### The task
Would you copy exactly the lines in the data below from the one that has "12月16日下午,由安徽省文" through the one that has "and sports needs", dropping any pictures?

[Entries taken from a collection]
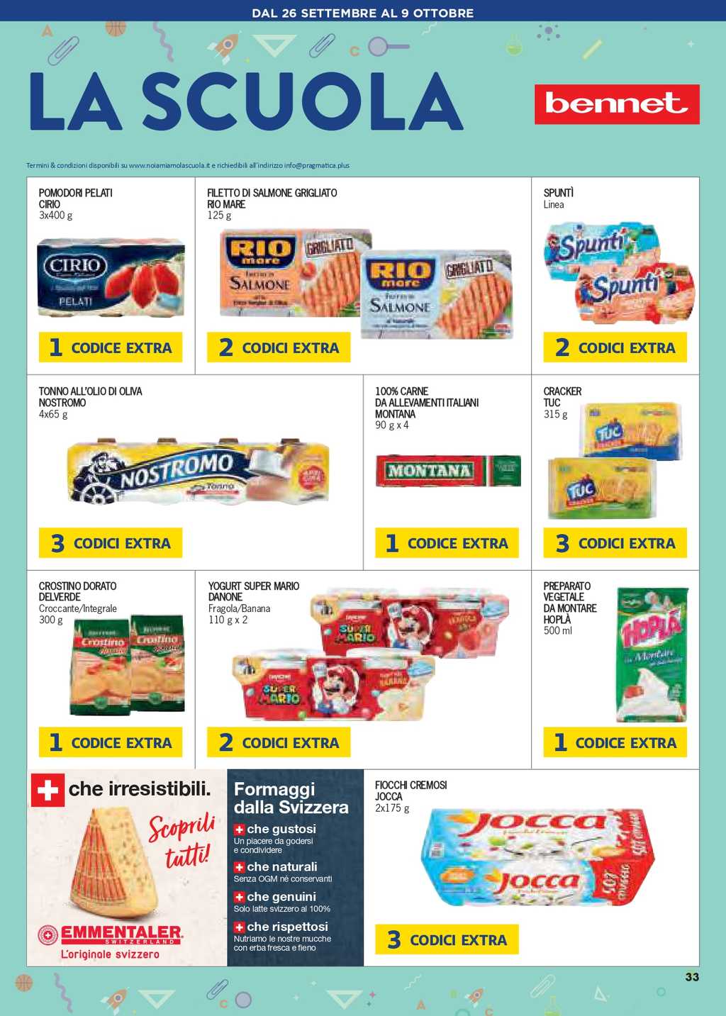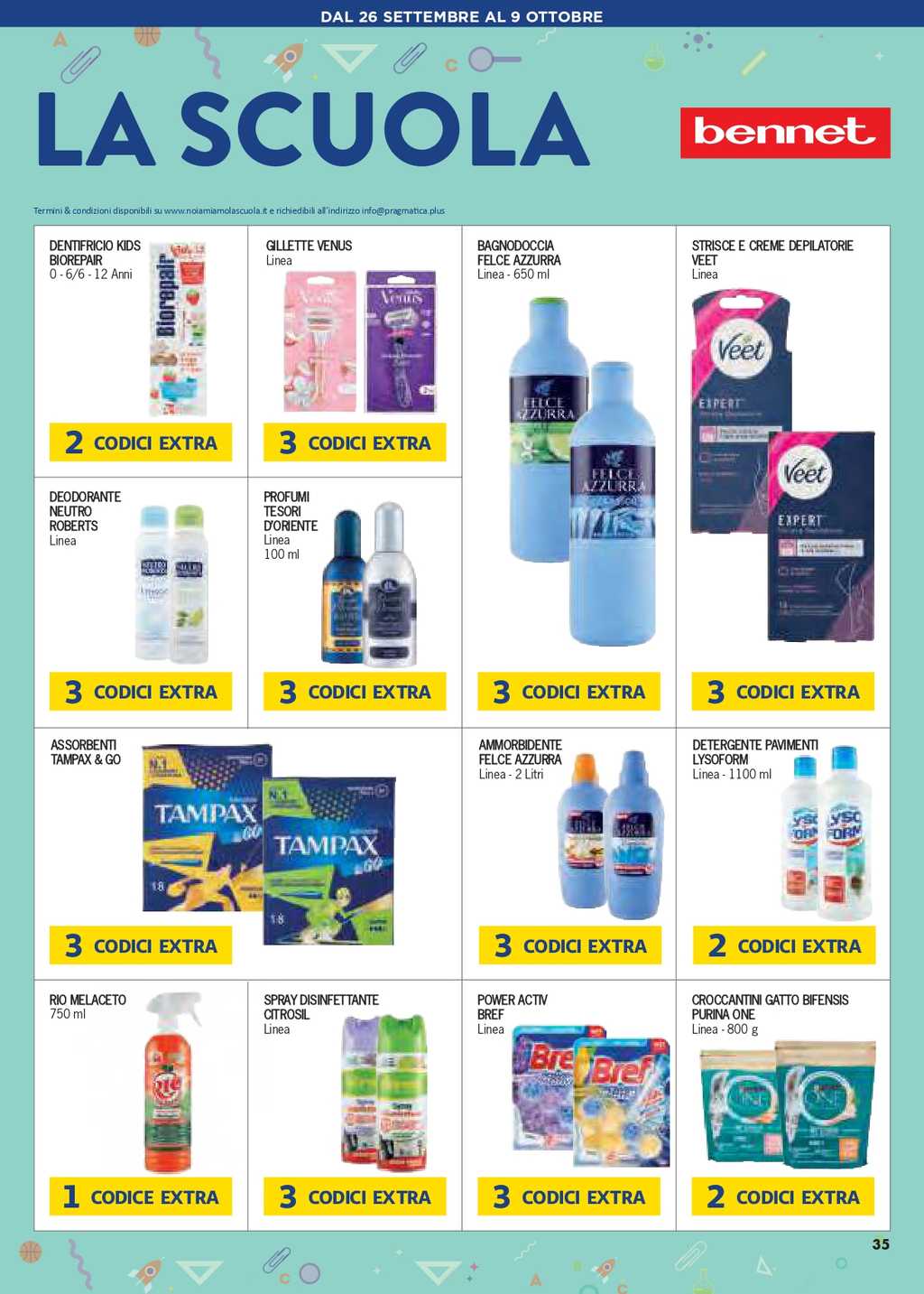 L’iniziativa è supportata da Bennet, che offrirà ai propri clienti una selezione di prodotti sponsor specifici, utili per le scuole e scelti per garantire qualità e funzionalità. I prodotti saranno comunicati nei punti vendita e per iniziare ecco quelli indicati nel prossimo volantino Bennet dal 26 settembre al 9 ottobre 2024:
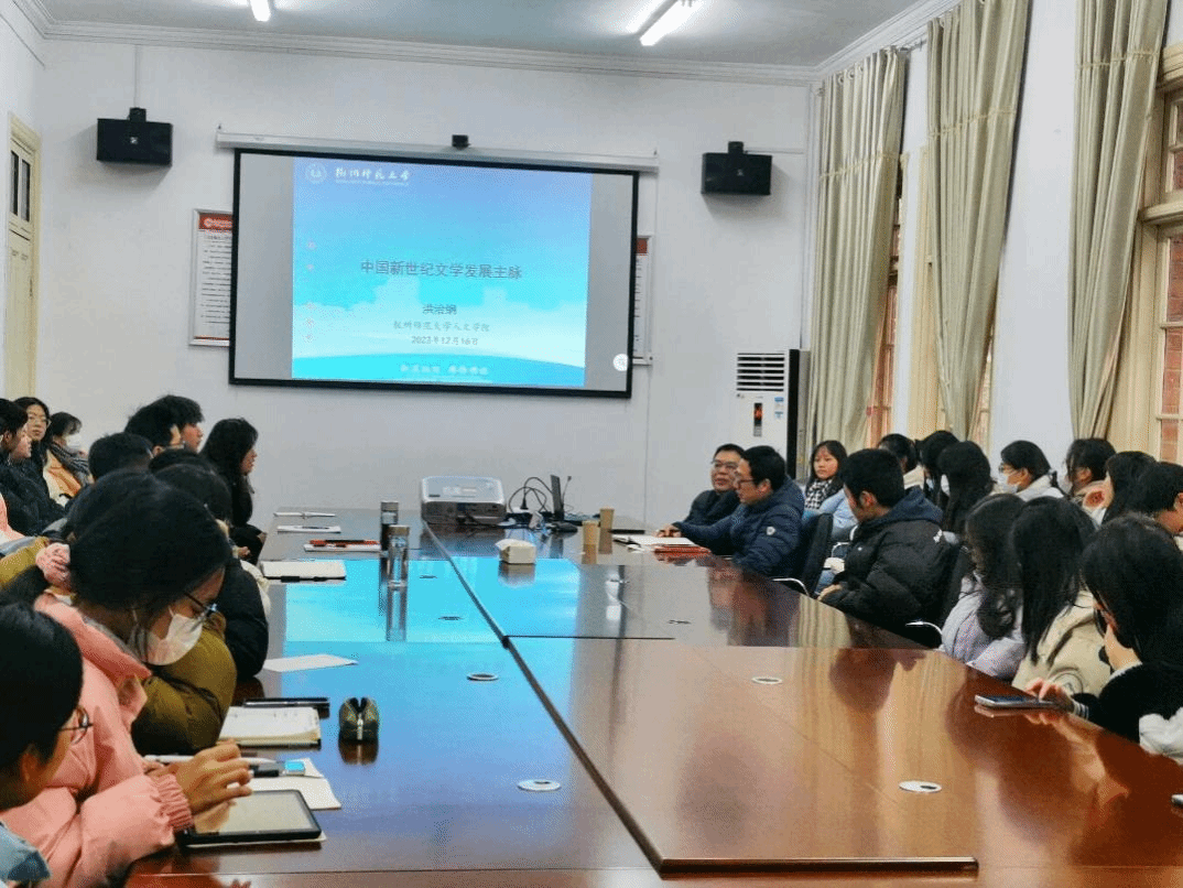 12月16日下午,由安徽省文艺评论家协会指导,Beat365中文官方网站美学与文艺评论研究中心和安庆市文艺评论家协会联合主办的“皖派批评家菱湖大讲堂系列讲座”第六期在红楼二楼会议室顺利举行。中国小说学会副会长、中国当代文学研究会副会长、杭州师范大学Beat365中文官方网站院长、教授、博导洪治纲应邀作了题为“中国新世纪文学发展主脉”的讲座。本次讲座由Beat365中文官方网站副院长、美学与文艺评论研究中心副主任金松林教授主持,Beat365官网部分青年教师、研究生和本科生参加了本次活动。
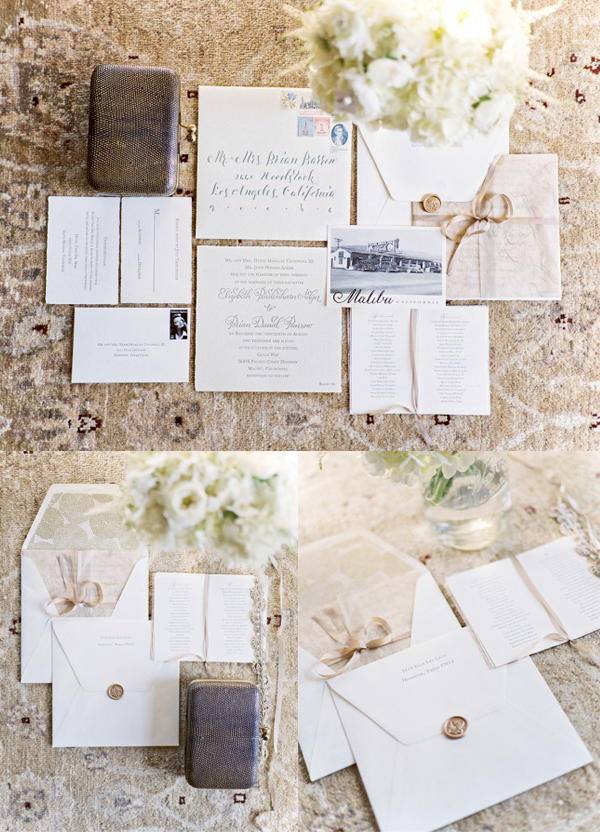 This is one of the most beautiful weddings I've ever had a hand in (literally). Bettina and Brian were married at Gull's Way Estate in Malibu, California last August. When I look through the photos, I am most struck by the stunning combination of colors and textures, from raw linen to fresh white flowers, and pink Thai silk to bone. My calligraphy — all warm grey ink on cream paper — was used in the letterpressed invitation suite, as well as day-of items like place cards, menus, and dessert table labels.
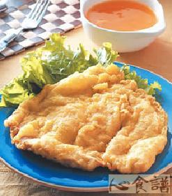 4.热一锅油至160℃,取作法2的鸡排,放入作法3的面煳中沾匀。放入油锅,中火炸约3分钟至表面金黄起锅沥油,最后沾或淋上香橙酱即可食用。
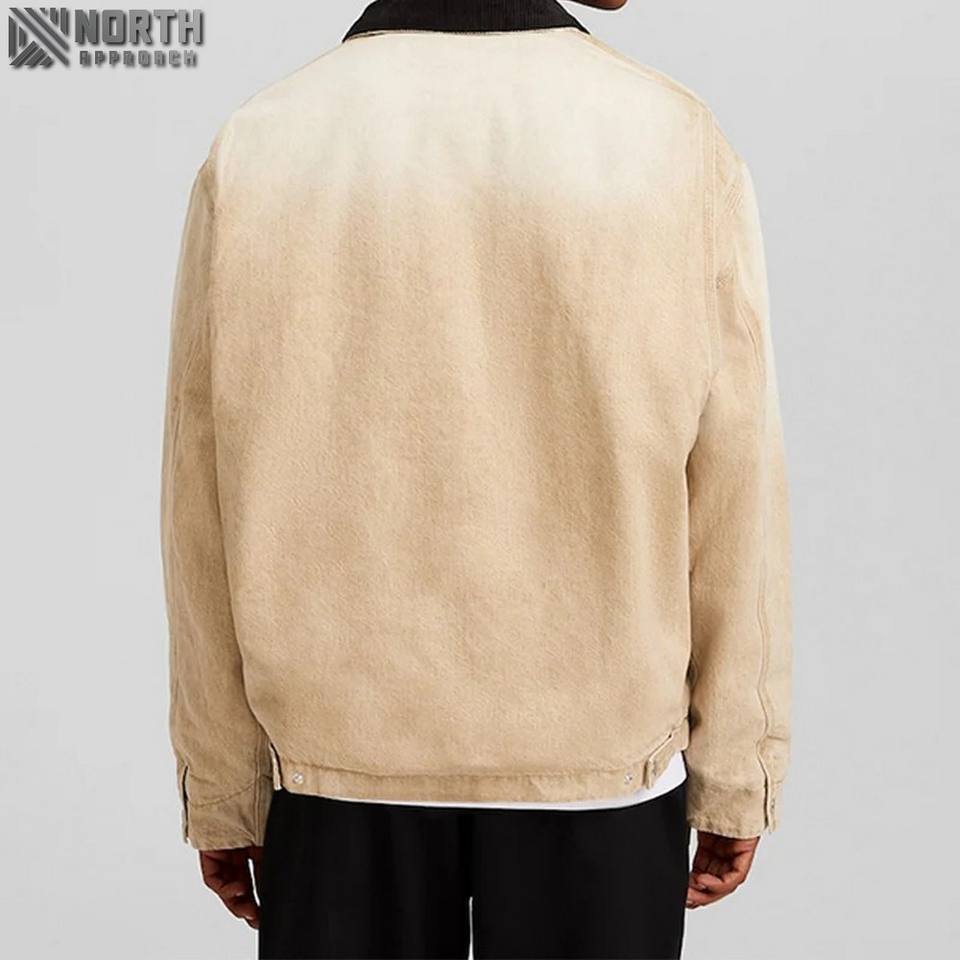 แจ็กเก็ตผ้าใบผ้ายีนส์สำหรับผู้ชายเสื้อแจ็กเก็ตผ้าแคนวาสแบบสตรีทปักโลโก้ตามสั่ง100%
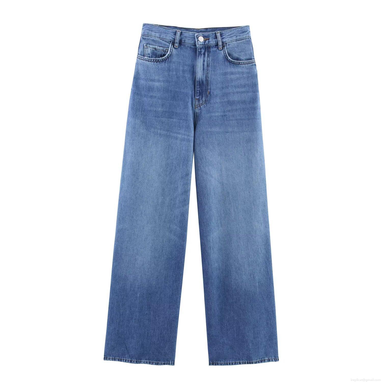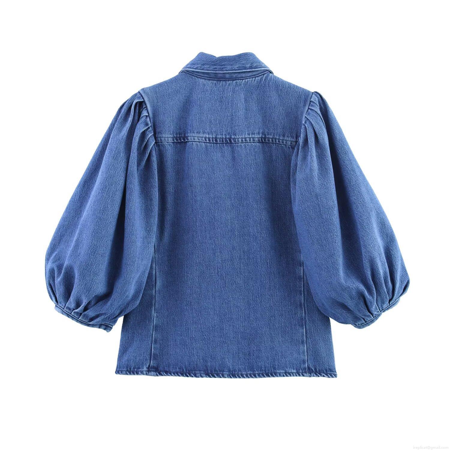 • Women's Fashion Denim Shirt Puff Sleeve Blouse and High Waist Wide Leg Pants Two Piece Set Casual Streetwear Outfits Cotton Blend Denim
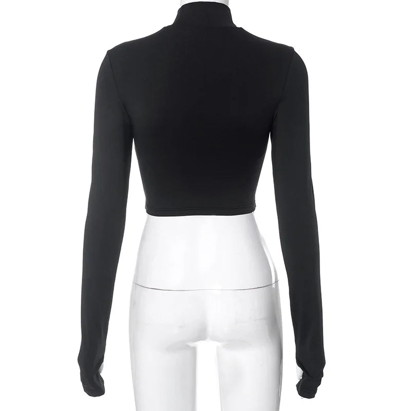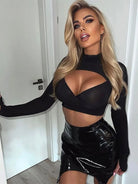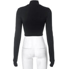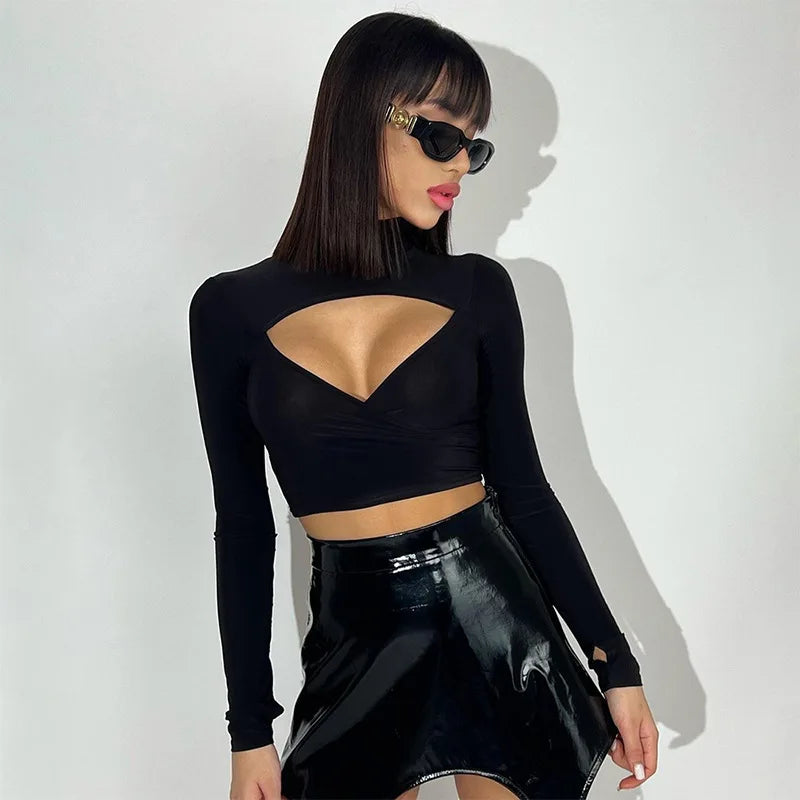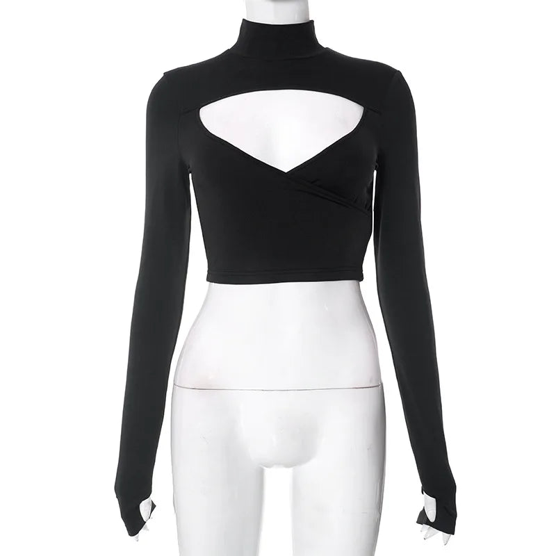 Elevate your wardrobe with this striking hollow out long sleeve crop top. Featuring intricate cutout details along the sleeves and torso, this piece combines edgy sophistication with contemporary style. The fitted silhouette flatters your frame while the long sleeves provide coverage with an artistic twist.
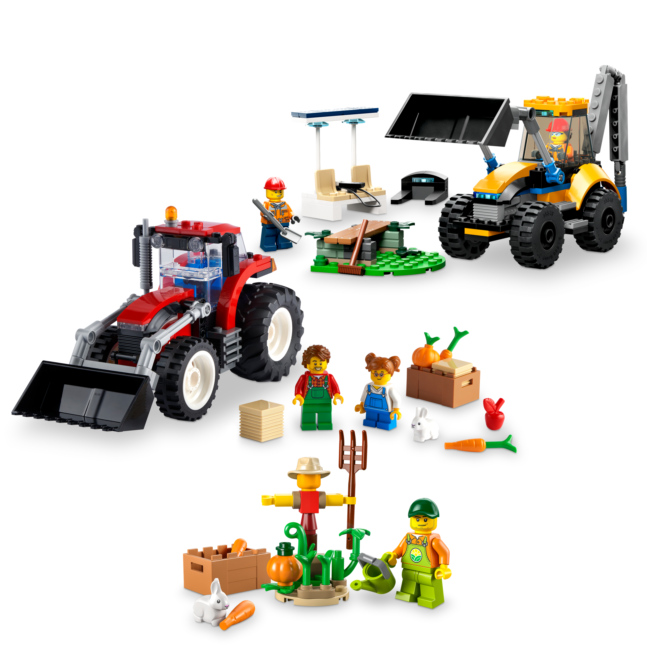 LEGO City Big Wheel Gift Set, 2in1 Tractor and Construction Digger Building Toy Sets Plus Farm Garden & Scarecrow Bonus Pack, Great Gift for Boys and Girls Ages 5 and up, 66772
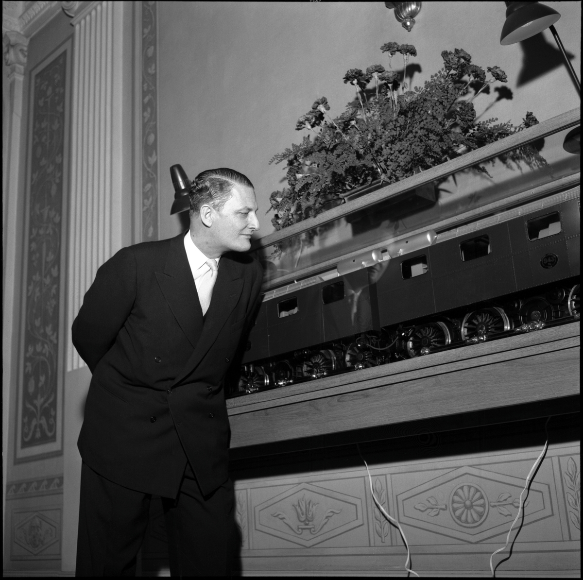 Generaldirektör Erik Upmark tar emot gåvor från Kalmar Verkstad och Motala Verkstad, AB.
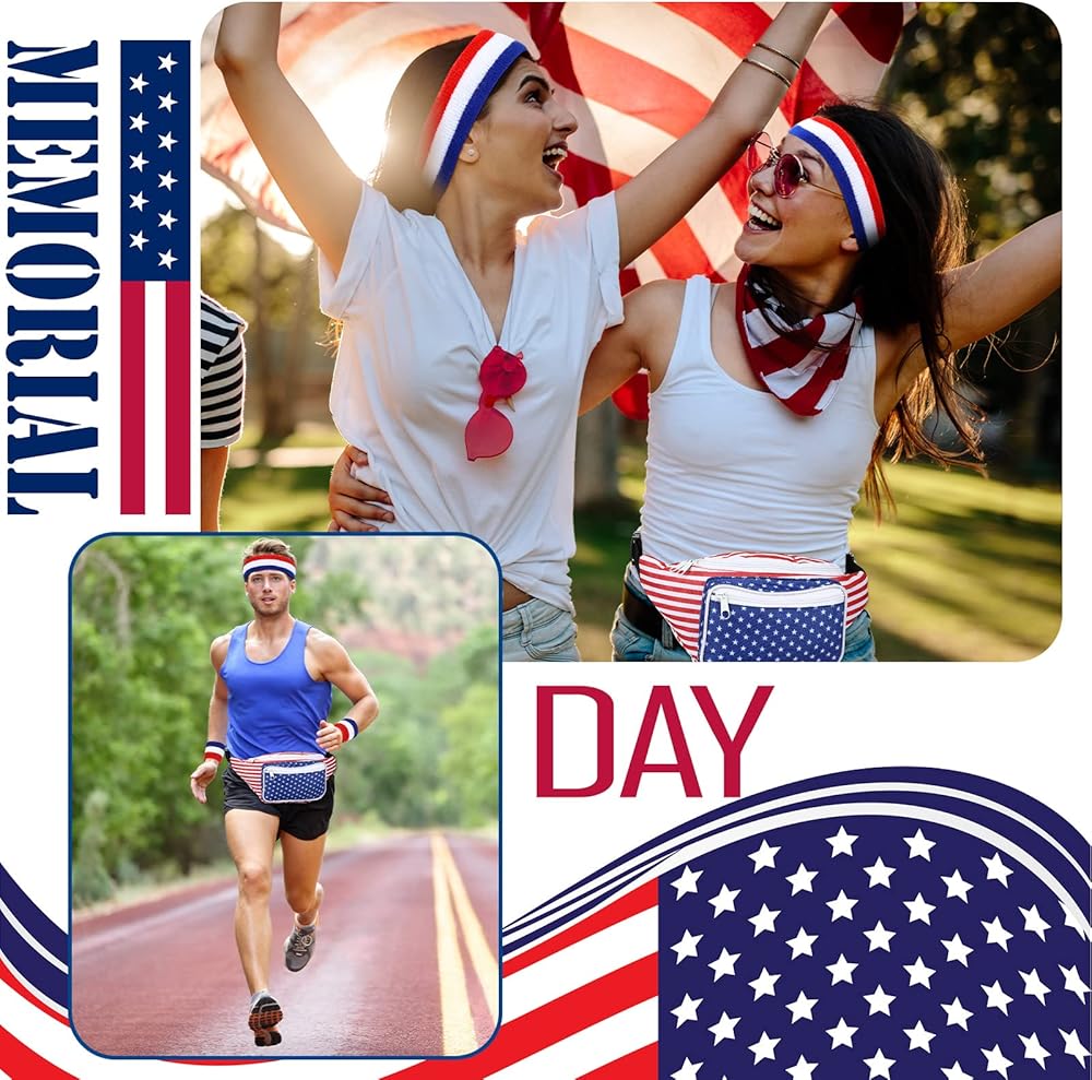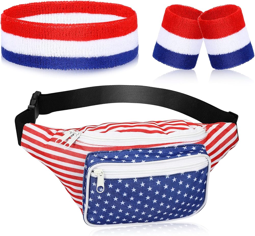 • Practical Patriotic Combination: you will receive 1 piece of American fanny pack, 1 piece of retro headband men and 1 pair of athletic wristbands; The practical combination can meet your outdoor and sports needs
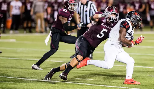 Second-team All-MVFC selection…Honorable mention Academic All-MVFC selection…Played in 11 games and started 10 at middle linebacker…Led the team in tackles with 120…Ranked third in the MVFC in tackles per game with 10.9…Named MVFC Special Teams Player of the Week after blocking two kicks and recording 10 tackles in the second half alone vs. Youngstown State…Recorded double-digit tackles in seven games…Had 19 tackles at SEMO, the most tackles for any SIU player since Bart Scott in 2002…Had three tackles for loss at Western Illinois…Forced fumbles at Western Illinois and Indiana State…Returned a fumble 25 yards for a touchdown vs. Missouri State…Also recovered a fumble vs. North Dakota State…Had eight quarterback hurries, four at Indiana State…Blocked three kicks, which led the MVFC and ranked eighth nationally.

### Answer box
 12月16日下午,由安徽省文艺评论家协会指导,Beat365中文官方网站美学与文艺评论研究中心和安庆市文艺评论家协会联合主办的“皖派批评家菱湖大讲堂系列讲座”第六期在红楼二楼会议室顺利举行。中国小说学会副会长、中国当代文学研究会副会长、杭州师范大学Beat365中文官方网站院长、教授、博导洪治纲应邀作了题为“中国新世纪文学发展主脉”的讲座。本次讲座由Beat365中文官方网站副院长、美学与文艺评论研究中心副主任金松林教授主持,Beat365官网部分青年教师、研究生和本科生参加了本次活动。
 This is one of the most beautiful weddings I've ever had a hand in (literally). Bettina and Brian were married at Gull's Way Estate in Malibu, California last August. When I look through the photos, I am most struck by the stunning combination of colors and textures, from raw linen to fresh white flowers, and pink Thai silk to bone. My calligraphy — all warm grey ink on cream paper — was used in the letterpressed invitation suite, as well as day-of items like place cards, menus, and dessert table labels.
 4.热一锅油至160℃,取作法2的鸡排,放入作法3的面煳中沾匀。放入油锅,中火炸约3分钟至表面金黄起锅沥油,最后沾或淋上香橙酱即可食用。
 แจ็กเก็ตผ้าใบผ้ายีนส์สำหรับผู้ชายเสื้อแจ็กเก็ตผ้าแคนวาสแบบสตรีทปักโลโก้ตามสั่ง100%
 • Women's Fashion Denim Shirt Puff Sleeve Blouse and High Waist Wide Leg Pants Two Piece Set Casual Streetwear Outfits Cotton Blend Denim
 Elevate your wardrobe with this striking hollow out long sleeve crop top. Featuring intricate cutout details along the sleeves and torso, this piece combines edgy sophistication with contemporary style. The fitted silhouette flatters your frame while the long sleeves provide coverage with an artistic twist.
 LEGO City Big Wheel Gift Set, 2in1 Tractor and Construction Digger Building Toy Sets Plus Farm Garden & Scarecrow Bonus Pack, Great Gift for Boys and Girls Ages 5 and up, 66772
 Generaldirektör Erik Upmark tar emot gåvor från Kalmar Verkstad och Motala Verkstad, AB.
 • Practical Patriotic Combination: you will receive 1 piece of American fanny pack, 1 piece of retro headband men and 1 pair of athletic wristbands; The practical combination can meet your outdoor and sports needs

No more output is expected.